Systems and methods are provided for predicting the mass spectrum of an unknown compound. An experimental mass spectrum of a known compound is obtained. One or more mass peaks of the experimental mass spectrum corresponding to a substructure of the known compound are annotated with at least one modification an unknown compound is predicted to include. An in- silico mass spectrum is created for the unknown compound from the experimental mass spectrum and the annotated one or more mass peaks. The unknown compound is then identified from a sample by mass analyzing the sample, producing an unknown experimental mass spectrum, and comparing the unknown experimental mass spectrum to the in-silico mass spectrum.

Description

CREATION OF REALISTIC MS/MS SPECTRA FOR
PUTATIVE DESIGNER DRUGS
RELATED APPLICATIONS
[0001] This application claims the benefit of U.S. Provisional Patent Application Serial No. 63/378,594, filed on October 6, 2022, the content of which is incorporated by reference herein in its entirety.
INTRODUCTION
[0002] The teachings herein relate to predicting the mass spectrum of an unknown compound. More particularly the teachings herein relate to systems and methods for annotating mass peaks of a mass spectrum of a known compound with at least one modification an unknown compound is predicted to include and creating an in-silico mass spectrum for the unknown compound from the experimental mass spectrum and the annotation.
[0003] The systems and methods herein can be performed in conjunction with a processor, controller, or computer system, such as the computer system of Figure 1.
Compound Identification Problem
[0004] Compound identification of unknown compounds is a very difficult problem It is especially difficult when the compound is novel and has not been previously or widely described in the literature.
[0005] A scenario encountered, for example, in the forensics laboratory is the need to identify a compound believed to be potentially responsible for a fatality. A mass spectrometry/mass spectrometry (MS/MS) or product ion mass spectrum may be obtained for a sample believed to contain the compound. A suspected mass peak for the compound and its molecular weight may be obtained from the mass spectrum. However, the mass peak may not match to any known compound, substance, or, more specifically, to any known drug of abuse.
[0006] As a result, there is a need for additional systems and methods to predict the mass spectra of unknown compounds and add them to a library or database of mass spectra so that compounds such as “designer” drugs of abuse can be quickly and automatically identified by laboratory instruments.

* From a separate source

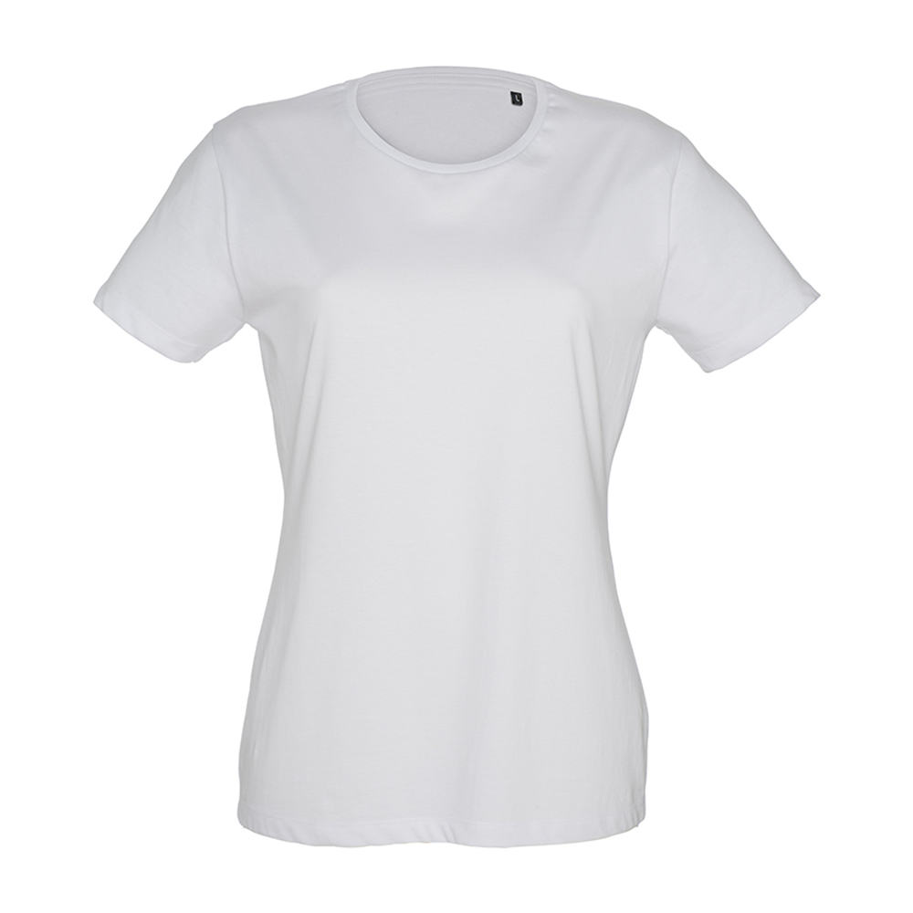 Damen-T-Shirt aus 145 g/m2 gekämmter Baumwolle. Gerippter doppellagiger Kragen mit Doppelnähten, Verstärkungsband am Hals, Struktur mit Seitennähten
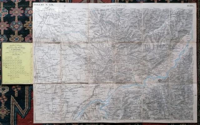 Dalla “Gran Carta Topografica degli Stati Sardi in Terraferma. Di S. M. il Re di Sardegna. Divisa in fogli 91 alla scala di 1 a 50.000. Opera del Corpo Reale dello Stato Maggiore”, pubblicata dal Corpo Reale di Stato Maggiore, nell’anno 1852. Carta telata e ripiegata contenuta in originale cartella telata marrone, cm 53,5 x 72,5 circa, titolo oro al dorso, piatti impressi, al contropiatto anteriore, su carta gialla, il “Quadro D’Unione”, ossia la tabellina contenente i titoli delle 91 carte che compongono l’insieme (questa la numero 59), a fronte, applicata su un riquadro della carta, una legenda con segni convenzionali e scale metriche, espresse in miglia piemontesi e miglia italiane. Gli Stati di Terraferma erano costituiti dal Piemonte, dalla Savoia, dal Geovesato, e comprendevano Nizza e l’isola di Capraia. Delineata con grande precisione per l’aspetto fisico, quindi nella sua orografia e idrografia, ciascuna di queste carte presenta anche una particolare attenzione al sistema viario, con segnate borgate e cascine, segnala ogni tipo di strade, mulattiere e sentieri, nonché le linee ferroviarie già attive e quelle in costruzione, i limiti di Stato, Provincia e Comune. (cfr.: F. Barrera, “Il Piemonte nella Cartografia degli Stati Sardi tra Restaurazione e Unità d’Italia”).

LC-MS and LC-MS/MS Background
[0007] Mass spectrometry (MS) is an analytical technique for the detection and quantitation of chemical compounds based on the analysis of mass-to-charge ratios (m/z) of ions formed from those compounds. The combination of mass spectrometry (MS) and liquid chromatography (LC) is an important analytical tool for the identification and quantitation of compounds within a mixture. Generally, in liquid chromatography, a fluid sample under analysis is passed through a column filled with a chemically-treated solid adsorbent material (typically in the form of small solid particles, e.g., silica). Due to slightly different interactions of components of the mixture with the solid adsorbent material (typically referred to as the stationary phase), the different components can have different transit (elution) times through the packed column, resulting in separation of the various components.
[0008] Note that the terms “mass” and “m/z” are used interchangeably herein. One of ordinary skill in the art understands that a mass can be found from an m/z by multiplying the m/z by the charge. Similarly, the m/z can be found from a mass by dividing the mass by the charge.
[0009] In LC-MS, the effluent exiting the LC column can be continuously subjected to MS analysis. The data from this analysis can be processed to generate an extracted ion chromatogram (XIC), which can depict detected ion intensity (a measure of the number of detected ions of one or more particular analytes) as a function of retention time.
[0010] In MS analysis, an MS or precursor ion scan is performed at each interval of the separation for a mass range that includes the precursor ion. An MS scan includes the selection of a precursor ion or precursor ion range and mass analysis of the precursor ion or precursor ion range.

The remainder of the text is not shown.